Only in the last few months have I really had a chance to sort through my photos, trying to understand what I’ve taken. At first, I thought the photos would speak for themselves, but as I found myself continually fascinated by the bizarre and sordid histories of many of the
run-down places I’d shot, I searched for more information. Some things I could find no background on, but occasionally a search would open up huge doors. I discovered that
what was once the longest passenger railroad in the world ran from Charleston to the long-gone town of Hamburg, and that the engine had exploded on a test run, killing the fireman. I’d explored the area around what had been Hamburg, finding only a spooky old mission that, rumor has it, was once a honky-tonk. I learned about Civil War battles in the region and who was buried in old Magnolia Cemetery, adding context to photos of these places. In many cases, the pictures were teaching me things I hadn’t known when I’d taken them. As I got facts, I paired them up with related shots and posted them on my photoblog, City of Dust. While photographing these abandoned buildings and vacant streetscapes I used film exclusively. I borrowed a digital camera on a couple of occasions and was unhappy with my photos; I clearly hadn’t invested anything in them. Not knowing what I’d just captured seemed to suit my subject matter, as did knowing that every shot was using up precious
film (and money). Each frame became important and, as a result, I triedn to take as few photos as possible. Sometimes, I’d take a shot too quickly and realize I could’ve framed
it better, but I wouldn’t re-shoot. I wanted to capture my first impression, before it crystallized and became static. I think that sometimes taking photos, or having a perfect
document, is mistaken for the experience itself. Countless times I’ve watched someone rush out to an attraction, take several photos, then run back to the car and drive  away.

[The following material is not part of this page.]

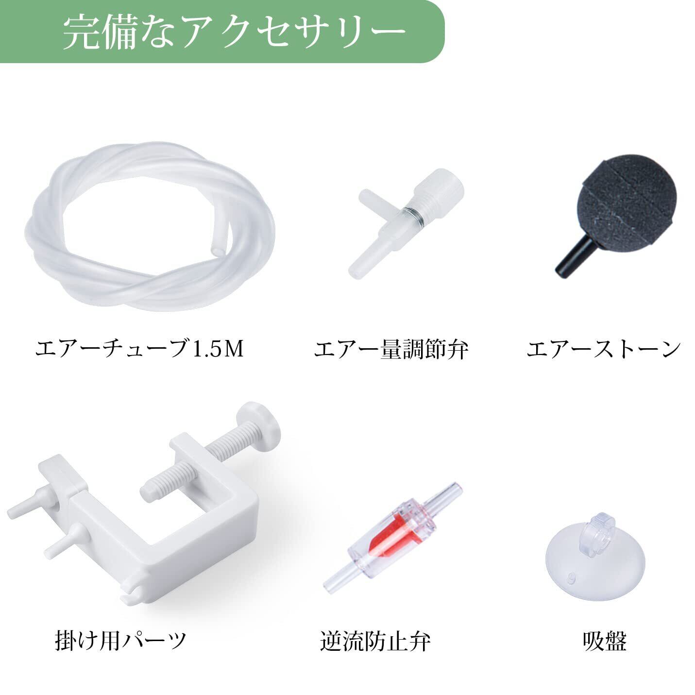 必要なすべてのアクセサリが付属しており:エアーチューブ1.5M/エアーストーン/逆流防止弁/エアー量調節弁/吸盤/掛け用パーツ。

That, to me, is missing the point on a number of levels. At its best, photography doesn’t
simply record a scene or event, but interprets and enhances, making the subject more meaningful for the photographer at the instant the shutter fires, and not simply providing
a memento for later. With luck, something of that moment of identification is transmitted to others who see the work. Thus, I still shoot sparingly, believing that the emotional  connection between photographer, camera, and subject requires energy that can be easily dissipated. I’m probably just being superstitious. This is the part where I’m going to tell you not to go into abandoned buildings and take pictures. It’s not with a wink and a nudge, either; going into old structures is very dangerous. Floors are unstable, broken glass is
often strewn about, and stairways are unreliable. Also, anyone you’re likely to meet inside a vacant building is likely someone you’d be better off not meeting. I recall the first abandoned building I went into as a kid: the old corner bar, which was about to be leveled by a freeway expansion. I was probably eight years old. The compulsion is not healthy and may well be indicative of some sort of clinical psychological  condition. Still, there’s plenty of opportunity to safely photograph forgotten architecture, decay, and abandonment. You can take pictures from OUTSIDE, you can choose subjects that are not threatening (e.g. have already toppled in on themselves), or you can focus on things other than buildings. Also, in some cases, you can contact owners. I spoke with a realtor who provided access
to a beautiful movie theater that had been empty for 20 years.

He let me take photos inside and provided a good deal of historical information as well. I’d be very unhappy thinking that anyone was risking their safety because of my pictures, so, if for no other reason, please stay out as a favor to me.Today I’m no longer in the CSRA and am looking for a new place to live. Wherever it is that I end up, though, taking photographs  in the South has changed the way I see the world. I still have more photos and history from the CSRA to post on City of Dust, but inevitably, the site will begin to change. What it will be like in the future remains to be seen, which is just as it should be.